La Repubblica dei Precari: come lo Stato tradisce ogni giorno i suoi insegnanti
di Mario Garofalo
Ogni giorno, da questo giornale, raccontiamo l'Italia. E ogni giorno ci scontriamo con le stesse ferite aperte, le stesse promesse non mantenute, gli stessi giochi di prestigio della politica che finge di riformare mentre lascia tutto com'è. O peggio, lo peggiora. Oggi parliamo di scuola, e lo facciamo con la penna in pugno, perché non è più tempo di giri di parole.
Parliamo dei docenti precari. Non di quelli "in attesa di sistemazione", ma di quelli che già insegnano, da anni. Che mandano avanti il sistema scolastico tra supplenze annuali, cattedre fantasma e concorsi a ripetizione. Parliamo di persone che hanno passato selezioni estenuanti, che sono risultati idonei, ma che non vedono mai quella benedetta stabilizzazione. Parliamo di cittadini che lavorano per lo Stato, ma che lo Stato continua a trattare come tesserati a tempo determinato del disagio nazionale.
È ora di dirlo chiaramente: questo sistema è marcio. Illude, sfrutta, poi scarica. Invita al concorso, poi lo smentisce con nuove prove. Promette graduatorie stabili, poi le rimescola ogni due anni. Spinge gli insegnanti a girare l'Italia, a rinunciare a famiglie, radici, diritti. Il tutto mentre gli studenti, nelle classi, hanno bisogno di continuità, di volti noti, di maestri veri, non di passaggi a livello.
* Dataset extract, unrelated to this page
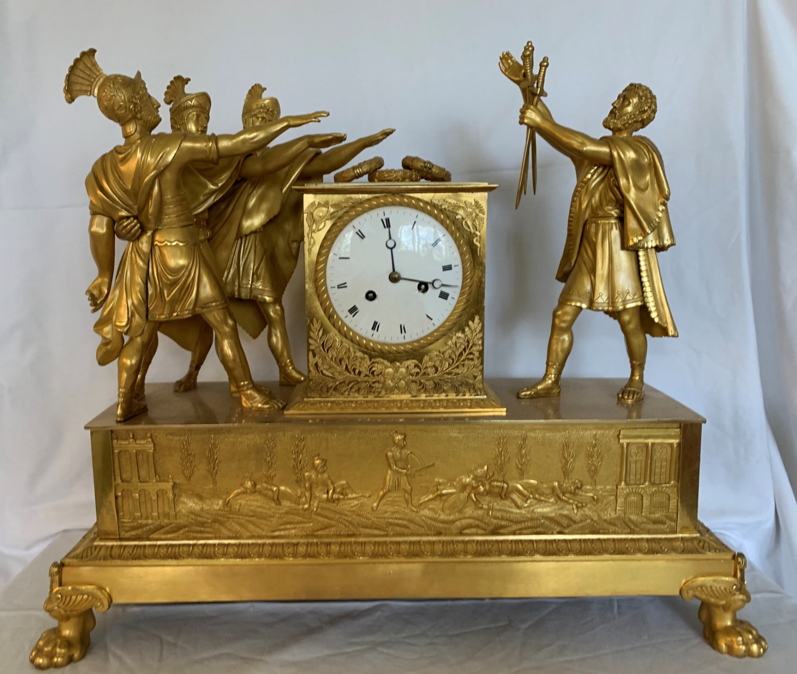 Rare Early 19th Century French Ormolu Clock Depicting 'the Oath of the Horatii'
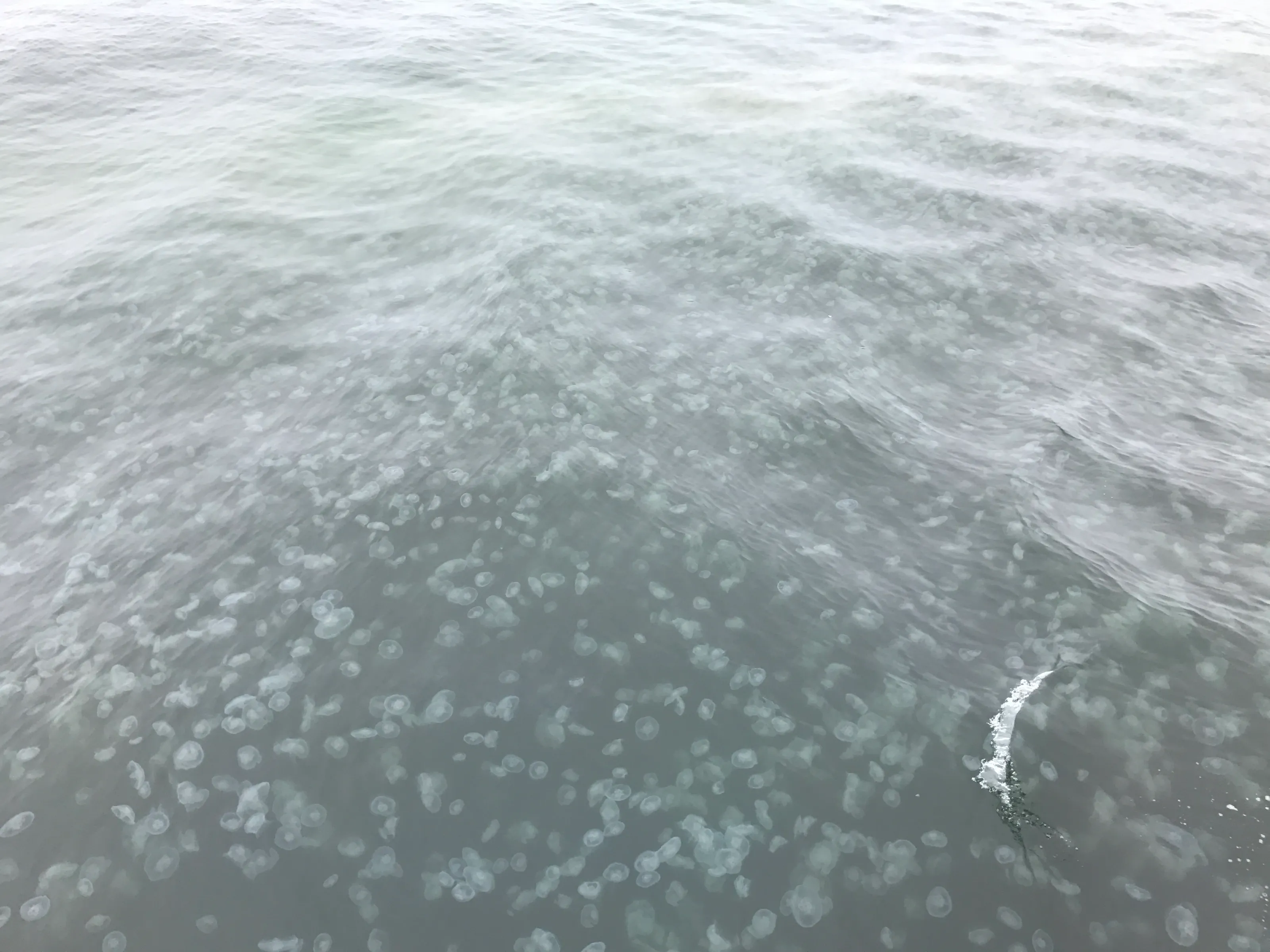 Aerial view of water with numerous translucent jellyfish and a small fish jumping.

Questa è la realtà. Ed è una vergogna.
Abbiamo bisogno di un punto fermo. Di una svolta vera, non di un'altra toppa su un sistema che cade a pezzi. Il doppio canale di reclutamento non è una parolaccia: è una proposta seria. Vuol dire riconoscere chi ha già dato, chi ha già vinto concorsi, chi ha già insegnato. Vuol dire smettere di usare la precarietà come strumento di governo e iniziare a costruire una scuola che non viva solo sulle spalle della buona volontà.
Perché, cari politici, cari burocrati, cari "esperti" di riforme infinite: non si può costruire un futuro con docenti che non sanno se lavoreranno l'anno prossimo. Non si può educare alla legalità, se lo Stato per primo aggira le sue stesse promesse.
Questa non è più solo una rivendicazione di categoria. È una questione di civiltà. Di coerenza. Di giustizia.
Non servono nuovi concorsi. Servono scelte coraggiose. Servono leggi che rispettino chi ha già dimostrato di saper fare il proprio mestiere. Serve una riforma strutturale, non l'ennesima toppa per tirare a campare fino alla prossima legislatura.
Serve il coraggio di riformare, il coraggio di cambiare, il coraggio di restituire dignità a chi lavora per costruire il futuro delle nuove generazioni.